Next time I’m away from light pollution, I’ll try some long, tracked (iOptron SkyTracker) exposures to see how much better it can be.
That coma can really ruin a photo!
Another drawbacks for long exposure are “not perfect tracker” and “not perfect sensor”.
The first one may smudge the stars due to some instability in mechanical parts or bad pole alignment.
The second one brings too much noise and you have to deal with it using stacking techniques which requires much more long exposed light and dark frames (time grows very significant and you can’t remove the noise completely).
Hi, I`m a newbie on this issues, but I want to improve my skills. I bought a Canon FD f/1.4 lens and the FD-EOS adapter to use on my Canon T1i. This lens 1.4 is better than f/2.8 for astrophotography? How to focus the stars if this lens is 100 % manual? Please, any help/info will help me a lot.
Yes, to answer your question as far as aperture is concerned, f/1.4 is better than f/2.8. Especially because you can drop it back to f/2 or so which will sharpen things up a lot, and still be some extremely fast glass!
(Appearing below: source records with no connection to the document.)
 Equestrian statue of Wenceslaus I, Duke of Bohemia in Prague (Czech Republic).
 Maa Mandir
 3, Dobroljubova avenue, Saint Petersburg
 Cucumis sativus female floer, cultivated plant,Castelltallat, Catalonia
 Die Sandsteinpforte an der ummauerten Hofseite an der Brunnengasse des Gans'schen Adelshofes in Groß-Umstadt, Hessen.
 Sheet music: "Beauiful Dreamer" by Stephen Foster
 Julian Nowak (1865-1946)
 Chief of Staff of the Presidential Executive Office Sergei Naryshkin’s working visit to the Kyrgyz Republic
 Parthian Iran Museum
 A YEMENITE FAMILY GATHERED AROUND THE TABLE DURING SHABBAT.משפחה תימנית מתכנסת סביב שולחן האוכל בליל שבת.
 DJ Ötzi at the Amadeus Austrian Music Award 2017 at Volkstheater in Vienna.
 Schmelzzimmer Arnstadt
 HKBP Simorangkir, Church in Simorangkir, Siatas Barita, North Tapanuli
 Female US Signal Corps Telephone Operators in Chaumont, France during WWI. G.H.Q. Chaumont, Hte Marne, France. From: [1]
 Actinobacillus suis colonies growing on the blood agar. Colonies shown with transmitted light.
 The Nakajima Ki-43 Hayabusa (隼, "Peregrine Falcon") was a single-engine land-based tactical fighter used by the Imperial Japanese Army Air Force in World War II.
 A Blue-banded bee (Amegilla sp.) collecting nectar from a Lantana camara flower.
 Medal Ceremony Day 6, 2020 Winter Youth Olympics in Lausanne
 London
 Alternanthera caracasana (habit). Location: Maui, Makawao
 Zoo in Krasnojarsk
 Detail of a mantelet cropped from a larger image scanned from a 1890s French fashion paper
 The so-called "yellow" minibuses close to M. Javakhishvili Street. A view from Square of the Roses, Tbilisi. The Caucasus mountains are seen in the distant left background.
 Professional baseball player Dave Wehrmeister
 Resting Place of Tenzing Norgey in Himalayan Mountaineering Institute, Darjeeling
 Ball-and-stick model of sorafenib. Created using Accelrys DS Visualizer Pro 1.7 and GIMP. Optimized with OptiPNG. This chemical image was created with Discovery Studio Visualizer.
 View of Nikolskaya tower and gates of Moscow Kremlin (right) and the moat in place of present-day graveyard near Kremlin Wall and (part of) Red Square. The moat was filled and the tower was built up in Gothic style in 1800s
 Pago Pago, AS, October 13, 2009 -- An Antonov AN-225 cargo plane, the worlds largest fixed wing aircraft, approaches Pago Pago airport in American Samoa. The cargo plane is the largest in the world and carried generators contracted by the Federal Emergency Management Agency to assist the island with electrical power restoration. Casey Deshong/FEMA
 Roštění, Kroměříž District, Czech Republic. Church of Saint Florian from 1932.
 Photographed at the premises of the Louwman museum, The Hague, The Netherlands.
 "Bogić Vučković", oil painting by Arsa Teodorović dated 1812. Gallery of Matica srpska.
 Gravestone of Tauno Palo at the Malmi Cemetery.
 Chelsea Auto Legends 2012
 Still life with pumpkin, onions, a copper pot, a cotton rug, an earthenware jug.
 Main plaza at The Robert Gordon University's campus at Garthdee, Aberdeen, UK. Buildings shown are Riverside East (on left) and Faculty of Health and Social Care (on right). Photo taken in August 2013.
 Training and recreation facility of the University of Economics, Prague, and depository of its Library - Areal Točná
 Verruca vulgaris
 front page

Focusing when the lens is manual is the way to go with stars anyway. So, to start out, set the focus at infinity and take some test exposures. Move the focus ring each direction *slightly* until you find the sweet spot for the focus of the stars, then you’re good to go.
I was out last night shooting a very faint Milky (at rise plus light pollution). I began shooting at F2.8, 24mm 20 seconds. The stars looked like lima beans.
After several long minutes in the dark adjusting exposure length, ISO and mm at F2.8, but could’n’t dial in a sharp star. Finally finding F4.0, 30MM at 20 secs ISO 6400 and a few with ISO 3400 I got a couple I can feel comfortable playing with in editing. I was thinking my fastest glass at F2.8 would be the way to go, but since F4 gave the better result, I’m thinking my slower lenses should tag along for the evening.
My buddy told me that sometimes it’s just the glass you are using and no fiddling is going to make it better.
My gear last night:
Tamron 24-70 mm F2.8.
All manual settings using your advice in the “How To Milky” video. So glad that you emphasize the “test test test” prior to shooting all night. Learned that last year after many unsuccessful adventures.
The lens quality makes a huge difference, and I’m not sure about your lens specifically.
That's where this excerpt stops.